* **What the exercise asks**
Repeat each entry as written and leave the images out of the copy.

(Stored items)
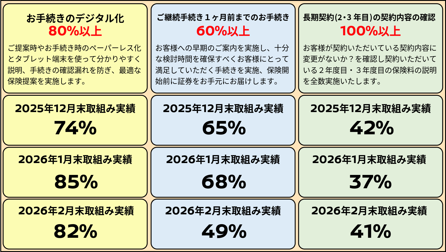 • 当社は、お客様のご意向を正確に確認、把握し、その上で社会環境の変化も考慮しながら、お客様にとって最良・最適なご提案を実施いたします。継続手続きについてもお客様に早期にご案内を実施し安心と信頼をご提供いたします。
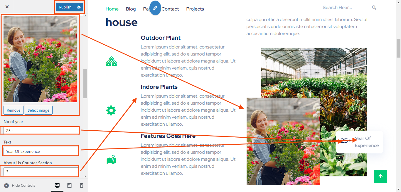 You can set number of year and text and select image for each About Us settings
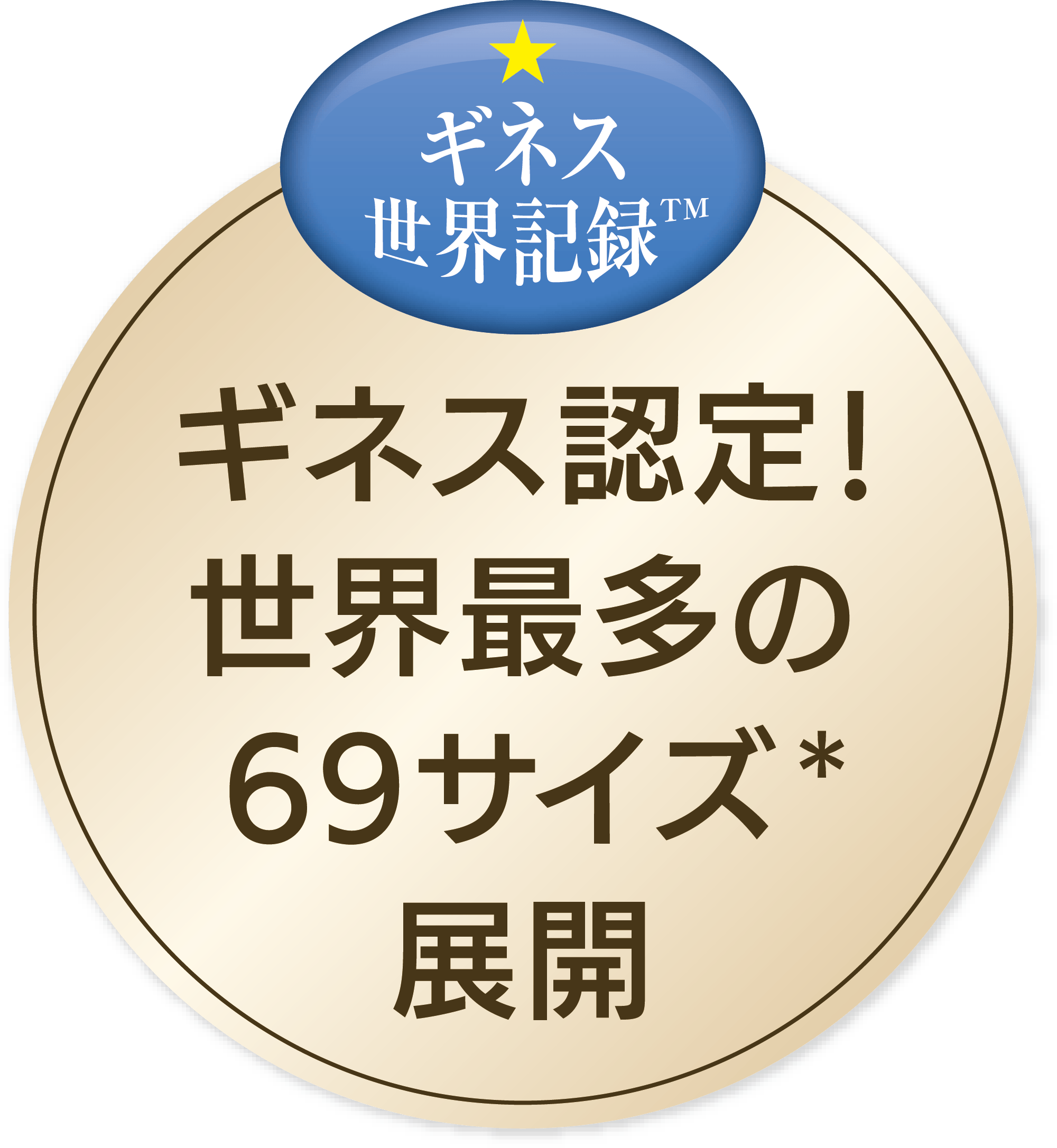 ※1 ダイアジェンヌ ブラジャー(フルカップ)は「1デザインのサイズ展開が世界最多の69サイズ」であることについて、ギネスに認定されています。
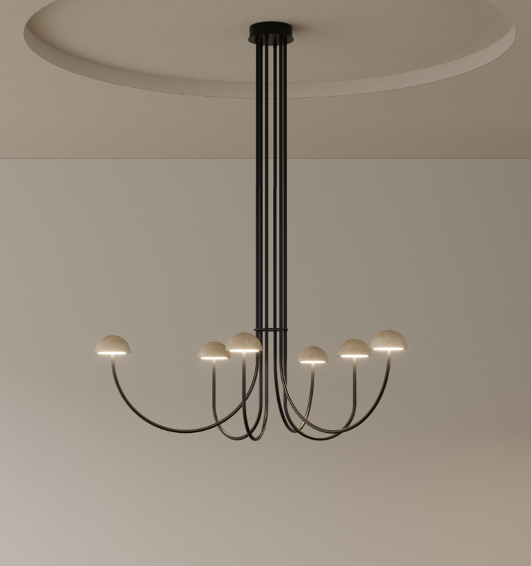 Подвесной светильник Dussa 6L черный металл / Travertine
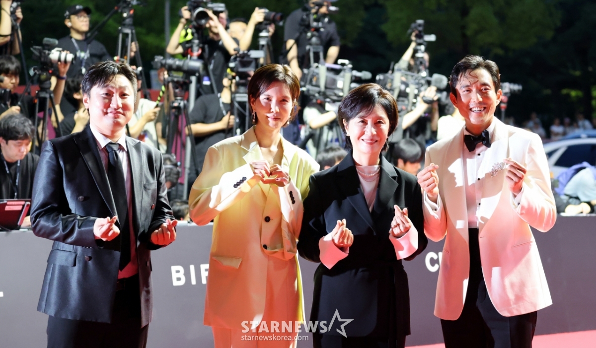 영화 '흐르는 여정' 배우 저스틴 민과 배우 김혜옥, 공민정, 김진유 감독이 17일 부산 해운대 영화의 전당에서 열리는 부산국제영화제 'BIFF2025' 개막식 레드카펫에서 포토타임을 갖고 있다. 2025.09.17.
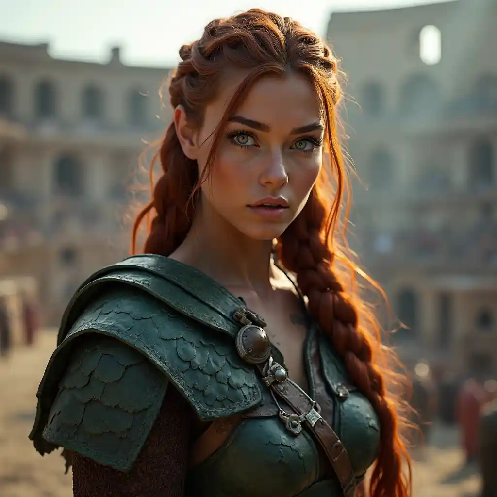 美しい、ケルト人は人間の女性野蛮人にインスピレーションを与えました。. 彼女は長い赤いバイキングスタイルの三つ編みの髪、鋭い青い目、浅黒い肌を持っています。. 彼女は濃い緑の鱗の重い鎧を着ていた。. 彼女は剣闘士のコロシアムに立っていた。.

* **Written solution**
 • 当社は、お客様のご意向を正確に確認、把握し、その上で社会環境の変化も考慮しながら、お客様にとって最良・最適なご提案を実施いたします。継続手続きについてもお客様に早期にご案内を実施し安心と信頼をご提供いたします。
 You can set number of year and text and select image for each About Us settings
 ※1 ダイアジェンヌ ブラジャー(フルカップ)は「1デザインのサイズ展開が世界最多の69サイズ」であることについて、ギネスに認定されています。
 Подвесной светильник Dussa 6L черный металл / Travertine
 영화 '흐르는 여정' 배우 저스틴 민과 배우 김혜옥, 공민정, 김진유 감독이 17일 부산 해운대 영화의 전당에서 열리는 부산국제영화제 'BIFF2025' 개막식 레드카펫에서 포토타임을 갖고 있다. 2025.09.17.
 美しい、ケルト人は人間の女性野蛮人にインスピレーションを与えました。. 彼女は長い赤いバイキングスタイルの三つ編みの髪、鋭い青い目、浅黒い肌を持っています。. 彼女は濃い緑の鱗の重い鎧を着ていた。. 彼女は剣闘士のコロシアムに立っていた。.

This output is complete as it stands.